Problem details ▸
Every entry is to be returned unchanged, and no picture is to be included.

* * * * *

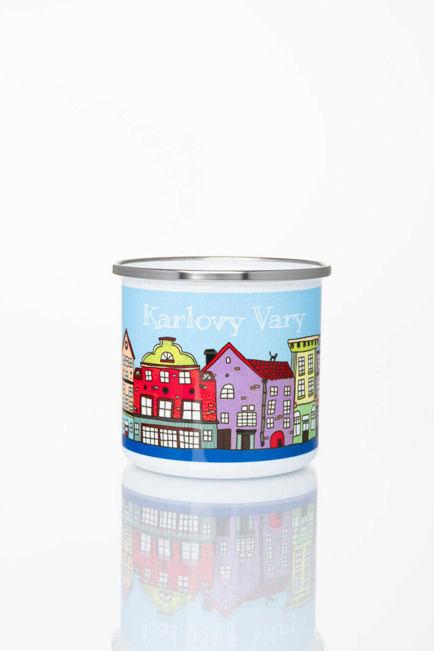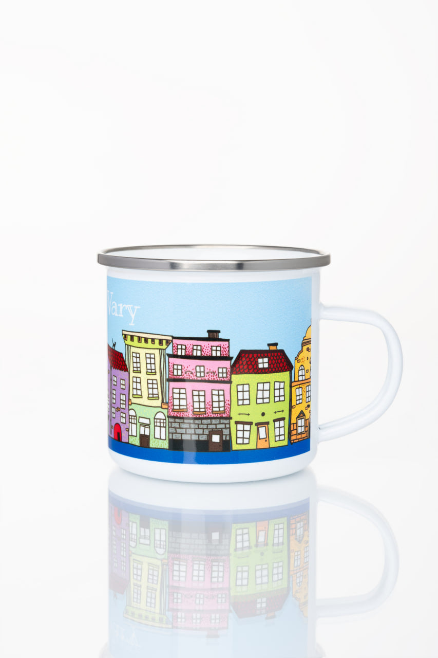 Přineste si domů kousek Karlových Varů s tímto kompaktním smaltovaným hrnkem na památku. Je lehký a praktický a obsahuje zářivou ilustraci ikonické architektury lázeňského města – okouzlující připomínku historického centra a jeho jedinečné atmosféry.
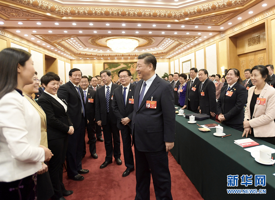 3月8日,中共中央總書記、國家主席、中央軍委主席習近平參加十三屆全國人大二次會議河南代表團的審議。在“三八”國際勞動婦女節到來之際,習近平代表黨中央,向參加全國兩會的女代表、女委員、女工作人員,向全國各族各界婦女,致以節日的祝賀和美好的祝福。這是習近平同女代表親切交談。新華社記者 李學仁 攝
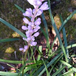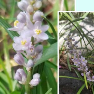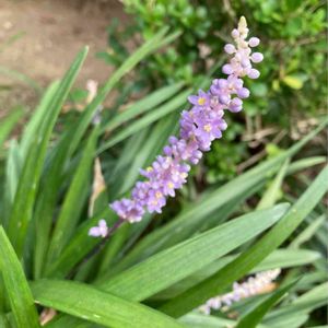 10年以上前にお迎えしたヤブラン。初めてお花咲いたかも🥰ずっとロックガーデン風の場所に植えて日も実はけっこう当たる場所でしたが、2年前にエゴノキの下のシェードに植え替えたら、よかったようです🌸
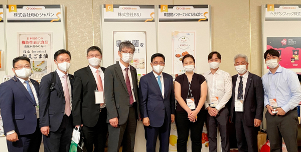 한편, 김 사장은 한국 농수산식품의 일본 수출시장 확대를 위해 9월 1일부터 이틀간 진행하는 ‘2022 일본 K-Food 페어’ 수출상담회를 참관한 뒤, (사)재일한국농식품연합회(회장 김규환)와 한국김치수입협의회(회장 하기석)에 한국 농수산식품 수출 확대에 기여한 공로로 감사패를 전달했다.
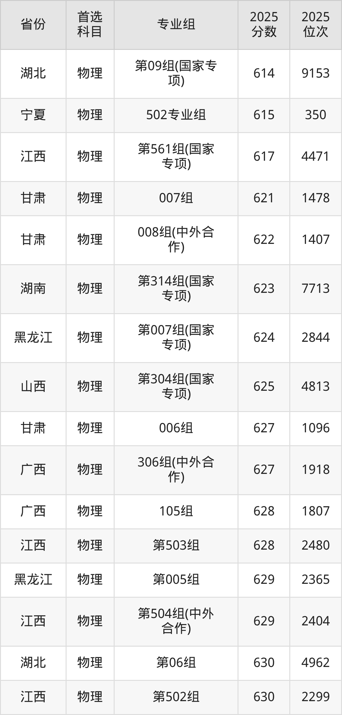 物理类最低分对应地区为宁夏(5A4专业组(国家专项)),录取位次为2608;最高分对应地区为内蒙古(第003组),录取位次为577,超本科线288分。
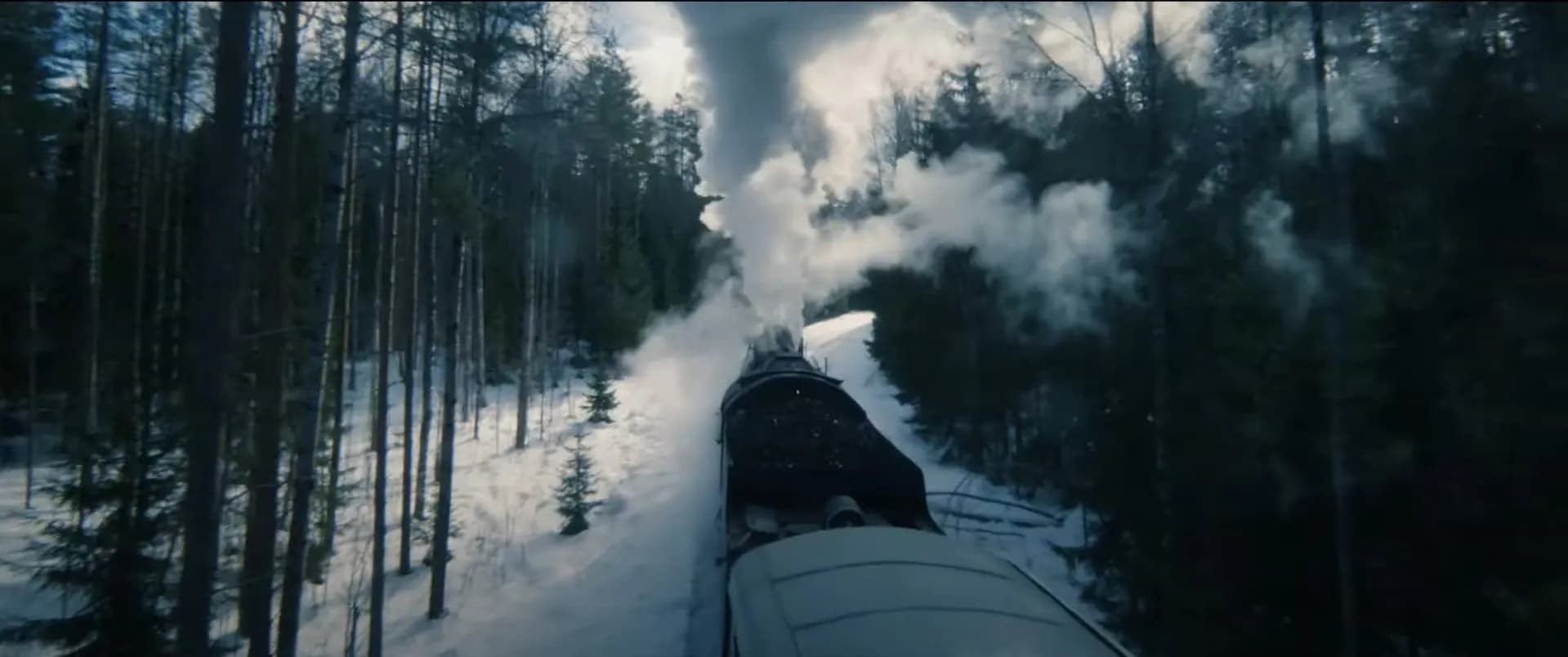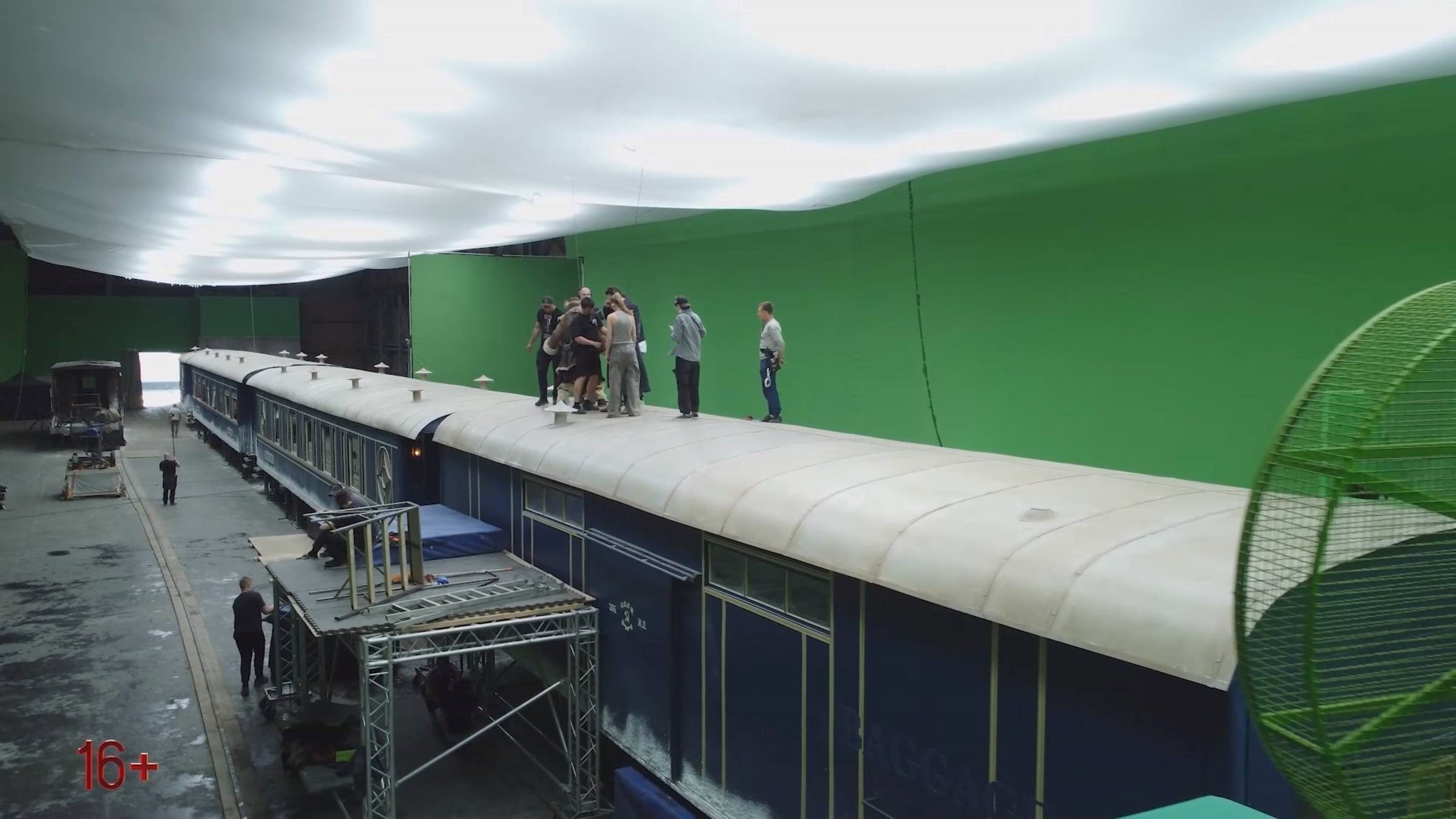 Для создания эффекта реального перемещения за окнами поезда в павильоне были установлены крупные LED-экраны, один из которых, крупнейший в Европе, имел размер порядка десятков метров. Виртуальные декорации были сопряжены со светом, чувствительным к изображениям. Благодаря такой реконструкции для актеров и съемочной группы возникало реальное ощущение движения по необъятному коридору в снежном лесу.

* * * * *

Response to this task ▸
 Přineste si domů kousek Karlových Varů s tímto kompaktním smaltovaným hrnkem na památku. Je lehký a praktický a obsahuje zářivou ilustraci ikonické architektury lázeňského města – okouzlující připomínku historického centra a jeho jedinečné atmosféry.
 3月8日,中共中央總書記、國家主席、中央軍委主席習近平參加十三屆全國人大二次會議河南代表團的審議。在“三八”國際勞動婦女節到來之際,習近平代表黨中央,向參加全國兩會的女代表、女委員、女工作人員,向全國各族各界婦女,致以節日的祝賀和美好的祝福。這是習近平同女代表親切交談。新華社記者 李學仁 攝
 10年以上前にお迎えしたヤブラン。初めてお花咲いたかも🥰ずっとロックガーデン風の場所に植えて日も実はけっこう当たる場所でしたが、2年前にエゴノキの下のシェードに植え替えたら、よかったようです🌸
 한편, 김 사장은 한국 농수산식품의 일본 수출시장 확대를 위해 9월 1일부터 이틀간 진행하는 ‘2022 일본 K-Food 페어’ 수출상담회를 참관한 뒤, (사)재일한국농식품연합회(회장 김규환)와 한국김치수입협의회(회장 하기석)에 한국 농수산식품 수출 확대에 기여한 공로로 감사패를 전달했다.
 物理类最低分对应地区为宁夏(5A4专业组(国家专项)),录取位次为2608;最高分对应地区为内蒙古(第003组),录取位次为577,超本科线288分。
 Для создания эффекта реального перемещения за окнами поезда в павильоне были установлены крупные LED-экраны, один из которых, крупнейший в Европе, имел размер порядка десятков метров. Виртуальные декорации были сопряжены со светом, чувствительным к изображениям. Благодаря такой реконструкции для актеров и съемочной группы возникало реальное ощущение движения по необъятному коридору в снежном лесу.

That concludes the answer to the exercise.